Depending on the size and shape of the mouth of the sake cup, the surface area where the sake is exposed to the air will change, so the aroma will be different.
A trumpet-shaped sake cup with a wide caliber spreads the aroma easily, so it is suitable for refreshing sake. A bud-shaped sake cup with a narrow caliber and a bulging bottom makes it difficult for the scent to escape, so it is suitable for fragrant sake and hot sake.

Depending on the angle of the sake cup, the taste of sake changes.
Shuhai = Sakazuki (Sake cup), which is shaped like a trumpet and has an angle, makes the sake flow quickly into the mouth and hits the part of the tongue that feels sour and bitter, making it easy to feel dry.
Sake cups such as the Guinomi (Sake cup) that are straight and have no angles allow the sake to flow slowly into the mouth and hit the front of the tongue where the sweetness is first felt, making it easier to feel sweet.

Let’s be particular about the material when choosing “Sake Cup”

Sake cups such as “Sake Cup” differ in the way they convey the taste and temperature depending on the material. When choosing a sake cup, you want to be particular about the material.

Glass sake cups have a cool appearance.
In the case of glass, there are various thicknesses.
Thick sake cups are well suited for sake with a rich taste, such as pure rice sake.
The glass sake cup is suitable for cold sake.

There are various types of sake cups made of ceramics, from affordable ones to expensive ones.
Sake cups made of ceramics have heat retention and are attractive because they go well with any kind of sake.

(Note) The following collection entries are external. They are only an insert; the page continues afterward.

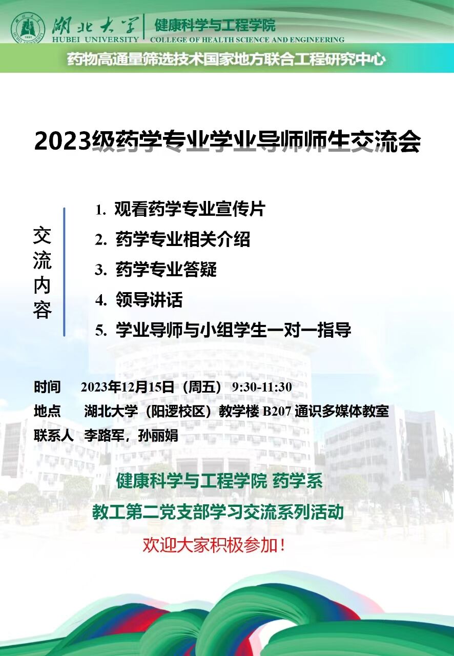 12月15日,2023级药学全体学业导师联合suncitygroup太阳成集团教师第二党支部,前往suncitygroup太阳成集团阳逻校区(通识教育公司)与2023级药学专业员工开展了面对面的师生交流会。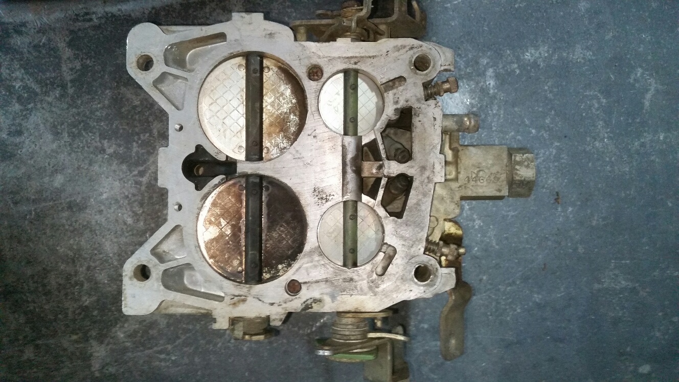 SOLD...This is a pretty nice carb and still has the tag on it. It's dirty, but has pretty good color to it. I can see that there are 2 pieces missing, the rod that connects the primary and secondary shaft and the vacuum pot that goes to the secondary door. There may be more missing that I don't know about. Everything moves free and smooth and seems to be in real good condition. I have not removed the top to look inside. I don't know of the fuel inlet is original or not. $500 plus shipping. 7040286 D00F E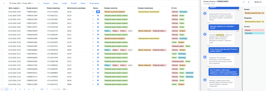 Речевая аналитика работает со звонками: хранит историю и записи, позволяет искать и фильтровать разговоры, использует ИИ для разметки и анализа коммуникаций — темы, ключевые фразы, причины отказов, качество обработки.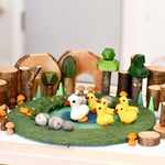 Inspired by my child's favourite nursery rhyme "5 Little Ducks", this duck pond play mat consists of Mother Duck and 5 little yellow ducklings. Our duck pond play mat is decorated with felt stones, yellow flowers and beautiful felt grass handmade from merino wool. The ducks have been meticulously needle-felted and can be moved around the playscape.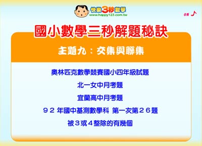 國小數學三秒解題秘訣 主題九:交集與聯集 (國小第一套)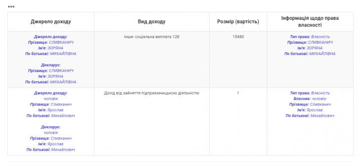 Втім, дружина підприємця Зоряна Сливканич, яка працює головним спеціалістом відділу ведення Державного реєстру виборців в Богородчанській РДА, в е-декларації за 2016 рік вказала річний дохід чоловіка одну гривню (!).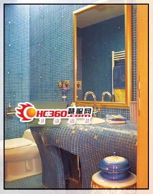 a玻璃馬賽克色彩豐富,配色方便,在燈光下更能變化出深淺不一的夢幻效果,因此適合用于光線較暗或沒有自然光的衛(wèi)浴間。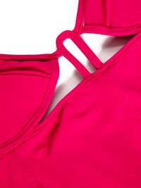 Mika swimsuit Highlights - Fuchsia pink - Stretch-design - Rear tie fastening - V-neck - Cut-out detailing - Double thin shoulder straps - Pads - Low back - Seam detailing - Be mindful to try on swimwear over your own garments. Imported Composition Microfibre 75%, Elastane 25%
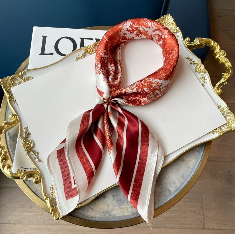 샤넬 체스 패턴 실크스카프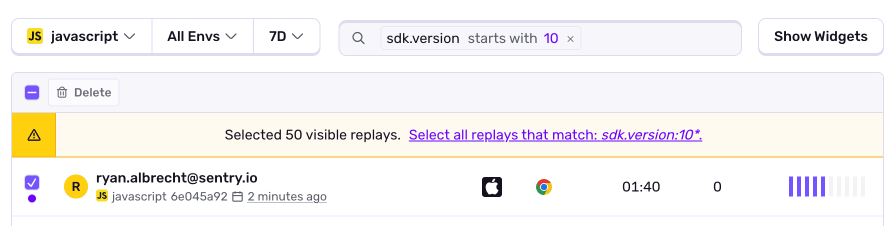 Alternatively, you can delete all replays that match a search query by clicking "Select all" at the top of the results list. This selects every replay matching the current filters, not just those visible on the page.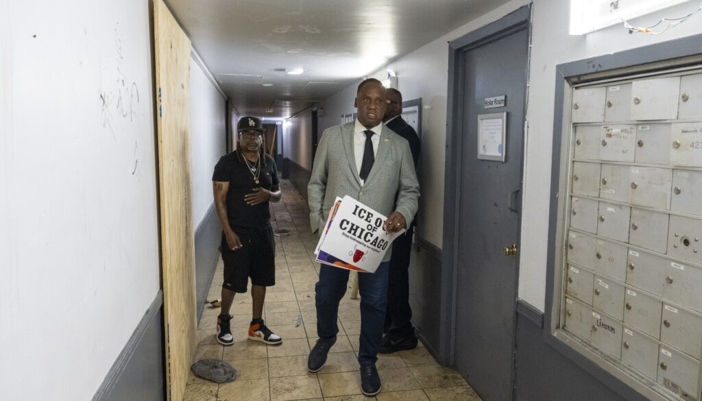 일요일 기자회견에서 의원들은 행동가 및 단속의 영향을 받은 주민들과 함께 연대와 협력을 촉구했다. 사우스 쇼어 건물에서 구금된 주민들 중 다수는 흑인이다.

Sake cups made of tin are also popular as sake cups. Not only is it a metal material that is resistant to rust, but it is also said to make the taste of sake milder.

Lacquer sake cups are often used in formal occasions such as New Year’s sake. There is an image that it is not common as a sake cup for everyday use, but it has the advantage of being hard to break and having excellent heat insulation. In addition, it is attractive that taste comes out in appearance while using it.